Его ответ удивил ее.

– Спасибо вам за доверие, но я еще не готов, – спокойно произнес он и вернулся к трапезе.

– Но почему? Разве это не то, чего ты хотел?

– Я не готов, – повторил он буднично.

– Вот как? Когда же это случится?

– Не знаю. Быть может, скоро, а может, и никогда.


На девятый день Арлин, не в силах больше наблюдать за все ухудшающимся состоянием Чада, решительно вошла в палату, чтобы поднять вопрос о назначении ему новых, более сильных препаратов. Однако с удивлением обнаружила, что Чад, одетый в пижаму, сидит на постели перед установленным у края кровати мольбертом. В руке он держал кисть.

– Доброе утро, – растерянно произнесла Арлин с порога.

Чад не ответил, продолжая сосредоточенно размечать холст для будущей работы. Судя по наброску, он начал работать совсем недавно.

– Тебе, я вижу, лучше, – проговорила Арлин, наблюдая, как уверенно скользит его рука вдоль холста и как привычно он сощуривает глаза, делая невидимые замеры. – И что у нас будет? – Арлин подошла ближе.

– Пока не знаю. – Взмах широкой кисти сопроводил его ответ. – Бретон советовал во время работы отключать голову.

Чад работал торопливо и в то же время спокойно, то и дело он замирал, а затем вновь неистово бросался на холст и клал линию поверх линии, штрих за штрихом, формируя будущий рисунок.

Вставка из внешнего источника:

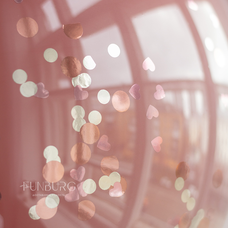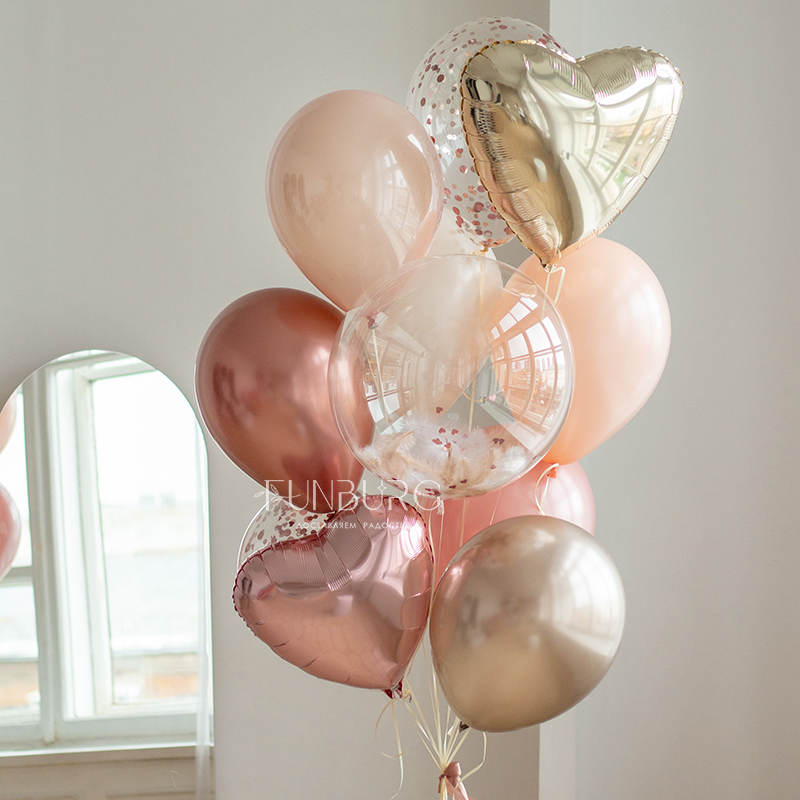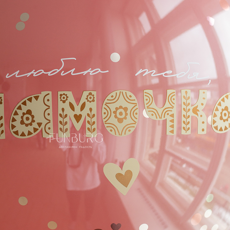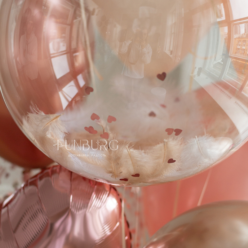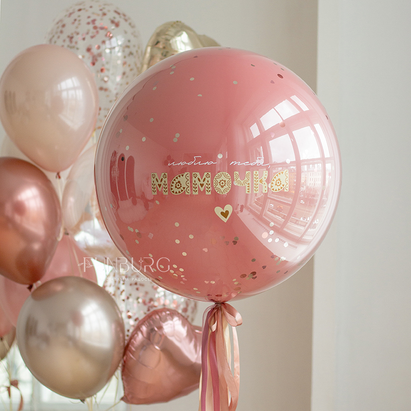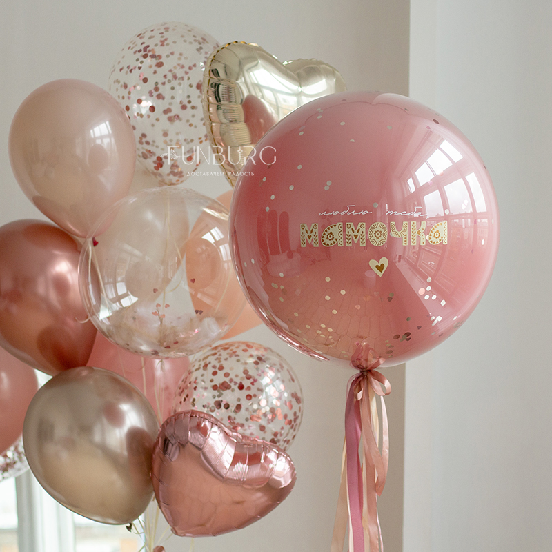 Большой зеркально-глянцевый шар мягкого, нежного и очень уютного пудрового оттенка с бронзово-кремовой надписью красивым узорным шрифтом для самого любимого и дорогого человека на свете. Сочетание этих оттенков напоминает теплый миндальный пирог, который ждет, пока все самые близкие соберутся за большим столом, с согревающим чаем и разговорами. Шар дополняет идеально подходящая к нему связка шариков с шаром Bubble с перьями, шариками-сердечками, с конфетти.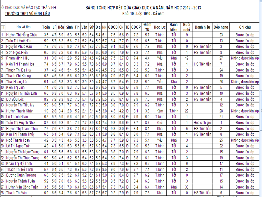TRANG TIN ĐIỆN TỬ TRƯỜNG THPT VŨ ĐÌNH LIỆU TỈNH TRÀ VINH

Арлин трудно было понять, какой планировался мотив, вполне вероятно, что Чад наконец определился с финальной работой, в таком случае будет лучше ему не мешать. Но что это за странность: еще вчера он еле держался, а сегодня уже уверенно рисует. «Сила искусства безгранична», – подумала Арлин и в очередной раз порадовалась порядкам, заведенным в Бетлеме. Где еще пациенту по первому зову принесут мольберт, краски и кисть? Где еще медсестры деликатно приоткроют ставни, вместо того чтобы бранить за резкий запах? В каком другом месте живопись играет такую роль в процессе реабилитации? И в то же время где еще человек так же уязвим, как в Бетлеме?

– Мне приятно видеть, что ты снова взялся за работу.

– Спасибо, – сдержанно ответил Чад. – В этот раз, надеюсь, сработает. Мне кажется, я должен использовать свое состояние для благих целей. Нельзя просто лежать и ждать, пока оно пройдет. Я решил, что будет лучше послушаться.

– Послушаться?

– Голоса, что говорит внутри меня. О, не бойтесь, я не спятил, – ухмыльнулся он, заметив, как дернулась Арлин при этих словах. – Это не тот голос, что слышат ваши пациенты, а мой собственный. Наконец-то бросил нести ерунду и стал давать дельные советы.

– Когда ты проснулся?

– Да я, в общем-то, и не спал.

– Медсестры не сказали мне, что у тебя бессонница…

– Они не знают. Я притворялся всякий раз, когда они входили в палату. Да не волнуйтесь, обычное дело. К тому же, пока лежал ночью, я кое-что придумал.

– И что же?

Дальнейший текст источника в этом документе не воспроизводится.